### TASK GOAL
From the first line to the last, set down the material exactly, leaving out its pictures.

### RECORDED INFORMATION

※

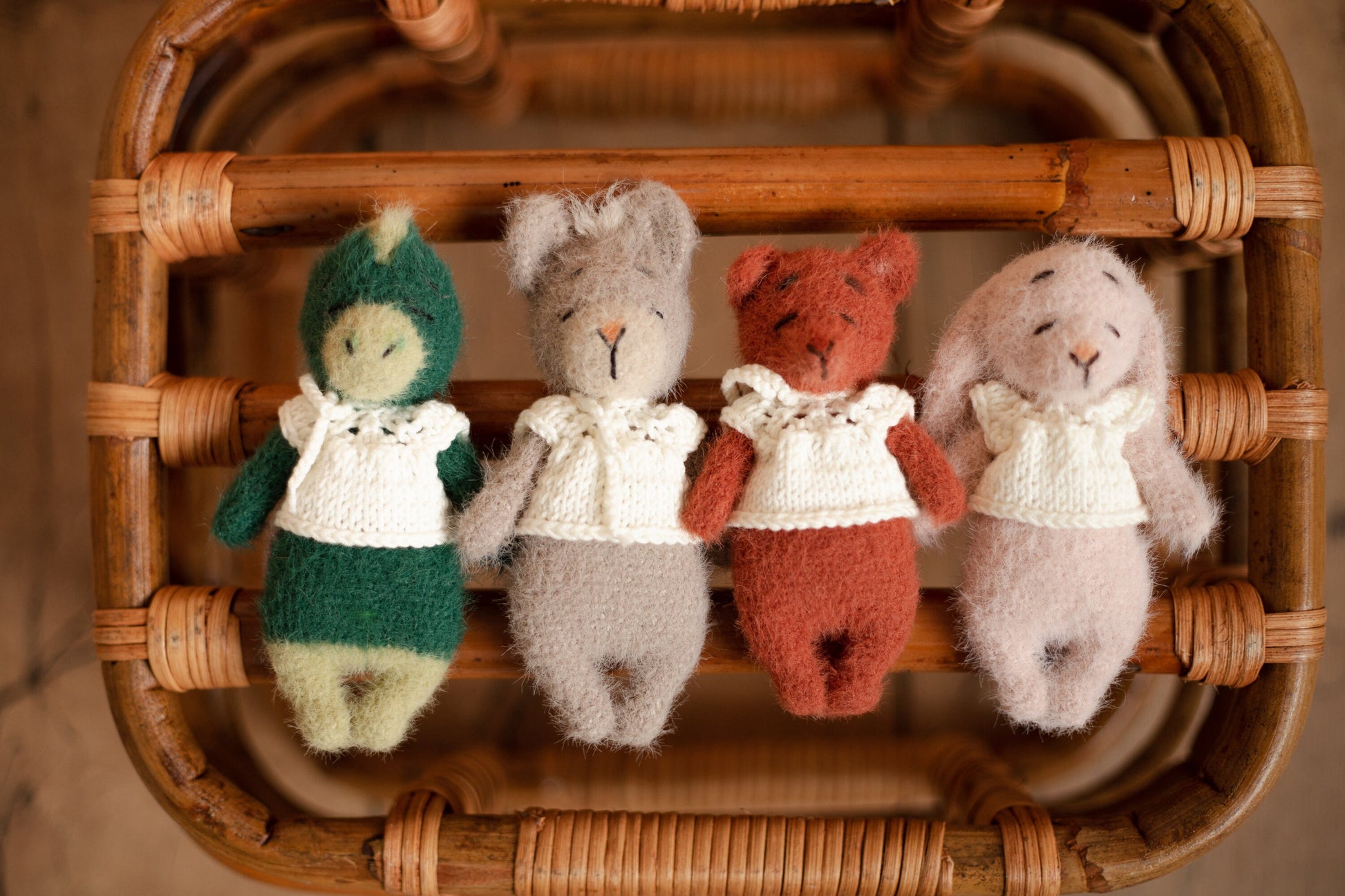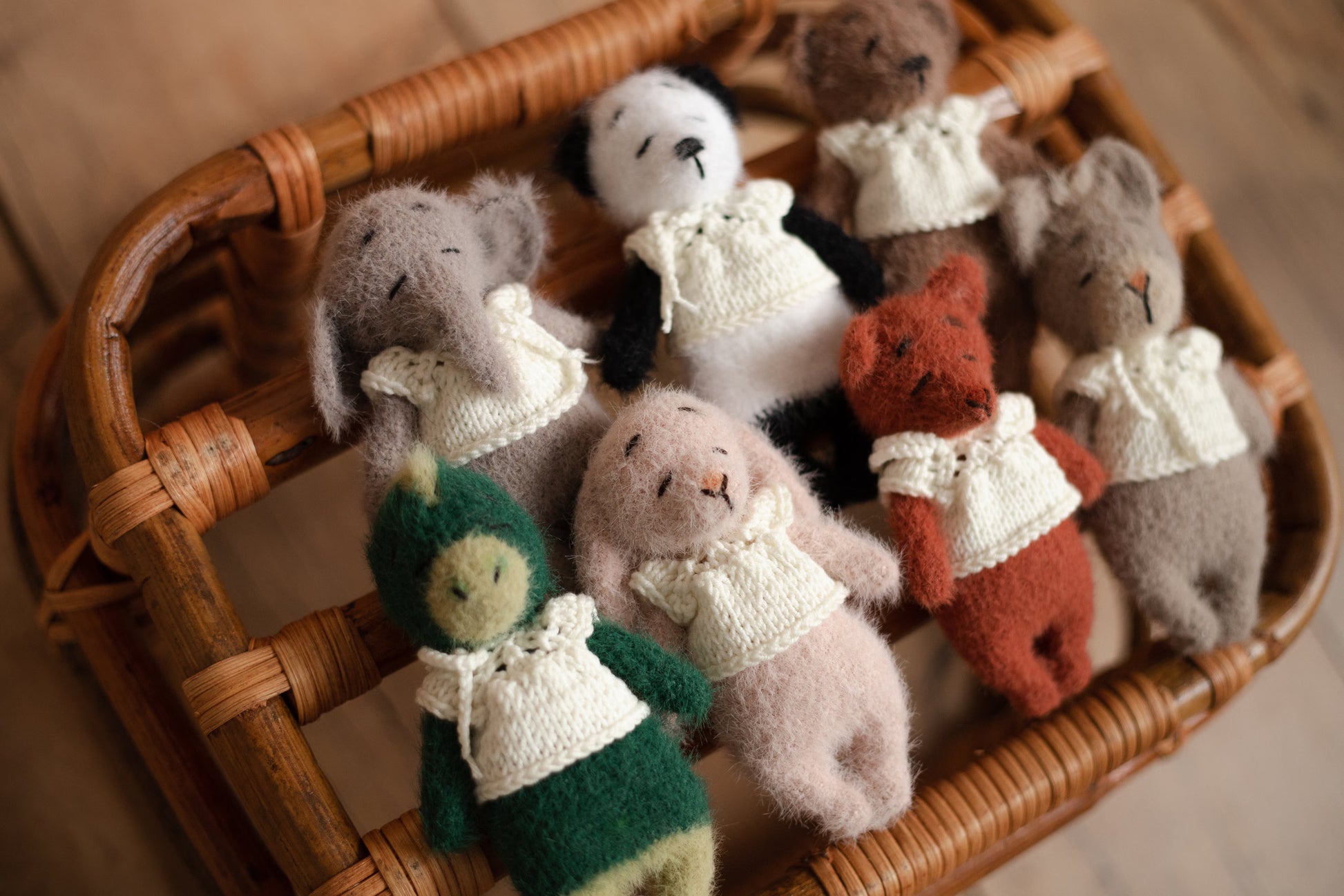 愛らしい小さなどうぶつたちはニューボーンフォト用プロップスとして、または赤ちゃん用ぬいぐるみ、ベビーシャワーギフトとしてご使用いただけます。
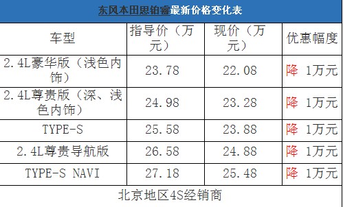 近日,編輯從北京地區(qū)東風(fēng)本田4S經(jīng)銷商處了解到,目前思鉑睿在店內(nèi)有少量現(xiàn)車,購車全系可以優(yōu)惠1萬元現(xiàn)金。以下是思鉑睿最新價格變化表:
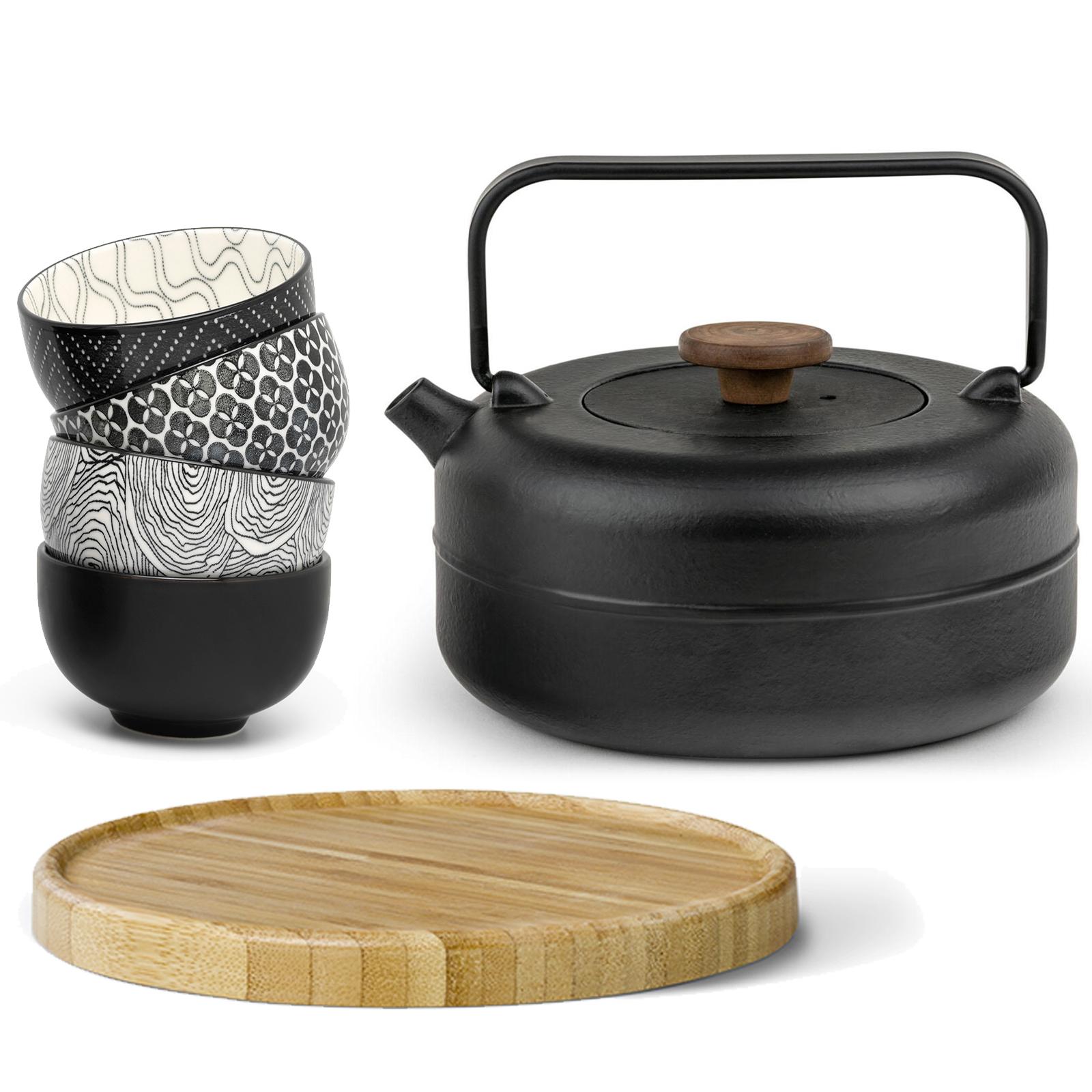 ✓ Kompakte Gusseisen-Teekanne mit Teefilter Sieb aus Edelstahl, 4 Teebecher und geradem Handgriff

※

### RESULT BELOW
 愛らしい小さなどうぶつたちはニューボーンフォト用プロップスとして、または赤ちゃん用ぬいぐるみ、ベビーシャワーギフトとしてご使用いただけます。
 近日,編輯從北京地區(qū)東風(fēng)本田4S經(jīng)銷商處了解到,目前思鉑睿在店內(nèi)有少量現(xiàn)車,購車全系可以優(yōu)惠1萬元現(xiàn)金。以下是思鉑睿最新價格變化表:
 ✓ Kompakte Gusseisen-Teekanne mit Teefilter Sieb aus Edelstahl, 4 Teebecher und geradem Handgriff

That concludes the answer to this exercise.